550100652DA6D84DA4DA6A00349A6DB67B6D96 :  rolling=0x0002036 fixed=0x0200000000 data=0x01018280 cmd=0x280 open pressed
550100652DA6D84DA4DA6800349A6DB67B2D96 :  rolling=0x0002036 fixed=0x0200000000 data=0x01009280 cmd=0x280 open released
55010096106EB6D8E0F7B3122965A80544D2EA :  rolling=0x00029e9 fixed=0xc05212c01e data=0x46608581 cmd=0x081 status door=closing learn=0 light=1 lock=0 blocked=0 unk1=0 unk2=1 unk3=1
55010096106EB4D8EDF7FB122965A8054DD229 :  rolling=0x00029e9 fixed=0xc25212c01e data=0x0000e084 cmd=0x284 motor_on
55010096106EB4D8EDF7FB122965A8054DD229 :  rolling=0x00029e9 fixed=0xc25212c01e data=0x0000e084 cmd=0x284 motor_on
55010096106EB4D8EDF7FB122965A8054DD229 :  rolling=0x00029e9 fixed=0xc25212c01e data=0x0000e084 cmd=0x284 motor_on
55010096106EB6D8EDF7FB122965A8054CD229 :  rolling=0x00029e9 fixed=0xc05212c01e data=0x0000c084 cmd=0x084 unknown_1
55010096106EB6D8EDF7FB122965A8054CF228 :  rolling=0x00029e9 fixed=0xc05212c01e data=0x0000d085 cmd=0x085 unknown_2
550100410F4324075724D882090C4BE9C00255 :  rolling=0x00029ea fixed=0xc05212c01e data=0x4660f281 cmd=0x081 status door=closed learn=0 light=1 lock=0 blocked=0 unk1=0 unk2=1 unk3=1

timing:

[mumixam]

I'm using the following script to receive and transmit packets using the UART pins on a Raspberry Pi:

@argilo just wanted to confirm. Is all that is needed to read wireline packets from a Pi a voltage divided to go from 12v to 3.3v?

Thanks

[argilo]

That's correct. I'm using a voltage divider of 2000 & 5700 ohms.

[mumixam]

@argilo i see you have been pushing some commits for wireline and mqtt. any chance you give me a wiring guide and a parts list for TX on a raspberry pi? are you using a 2n7000?

[argilo]

Here's the circuit I'm using:

I'm not much of a hardware person, so any suggestions for improvement are welcome.

[argilo]

I made a small mistake in the schematic. It's now updated to what I hope is correct.

[mumixam]

@argilo ok i got around to trying to make this circuit work but i'm running into a issue where Q1 is pulling down the 12volt source constantly. I'm less of a hareware person than you and I'm having trouble understanding the purpose of Q1. It seems like the idle high 12volt signal is triggering my 2n2222 constantly causing it to pull down to ground which causes the wall button to no longer illuminate the led. Also i realize these comments are a little bit off topic of the issue. Would it be ok to email you (using the email that shows up in the commits) or librechat (irc) or something?

[argilo]

It's fine to continue the discussion here, since others may be interested.

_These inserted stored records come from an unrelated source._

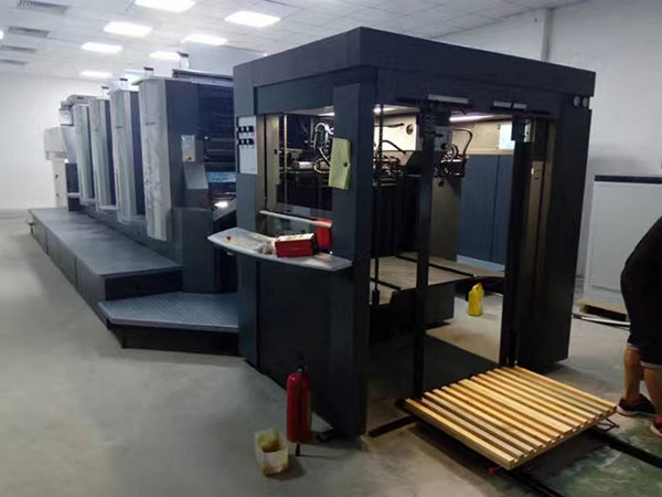本公司開發(fā)生產(chǎn)了一種印刷機預裝紙裝置,適用于國內(nèi)外各品牌印刷機,用于印刷機進紙的可垂直升降的進紙托盤,其特征在于: 在印刷機進紙托盤上安裝導軌,進紙托盤上導軌與地面安裝的導軌對接,所述導軌和所述進紙托盤之間還設(shè)置一個垂直于所述進紙托盤的縱長的定位尺。新型的印刷機預裝紙裝置通過導軌可以精確定位小平板車,再通過定位尺對其上的紙張進行定位,從而快速準確地對小平板車上的紙張進行定位作業(yè)。本實用新型的印刷機預裝紙置具有結(jié)構(gòu)簡單,高效,定位準確等優(yōu)點。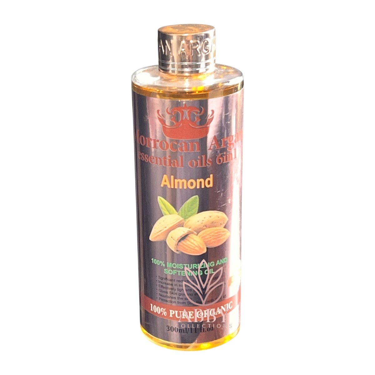 Morrocan Argan Essential Oils 6in1 – Almond is a decadent multi-tasking body and skin oil, combining the power of Moroccan argan oil with almond extract and a 6-in-1 functional formulation. Designed to deeply nourish, even tone, and leave your skin with a luminous, velvety finish.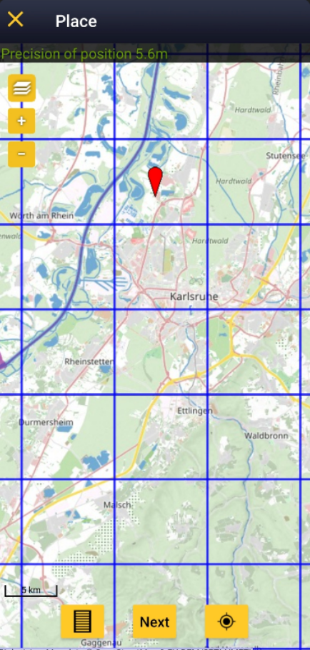 - The precision of your GPS is always indicated in the top left corner (see image Navigating the map at the top of the page).

Do you have the Raspberry Pi's TXD pin connected to the base of Q2? That pin is normally high, which keeps Q2 on, grounding the collector. That in turn keeps Q1 off.

When TXD goes low (during transmit) Q2 switches off, which turns on Q1 and shorts the 12V line.

[mumixam]

when i did my initial testing the tx pin was not connected to anything. i was just probing around with a multimeter making sure im not going to overvolt the pi. i will make sure i have tx connected at all times before connecting 12volt source. one thing i did notice was without tx connected i fired a 2n2222 @ Q1. would it make sense to add a resistor to limit current in the event of loss of power to the pi but GDO still has power to protect the 2n2222? Thank you for your time and help

[argilo]

My garage door opener limits current to about 150 mA, so I didn't bother adding a current-limiting resistor on the 12V line.

Perhaps a pull-up resistor on the base of Q2 could prevent Q1 from shorting the 12V line when the Raspberry Pi is disconnected.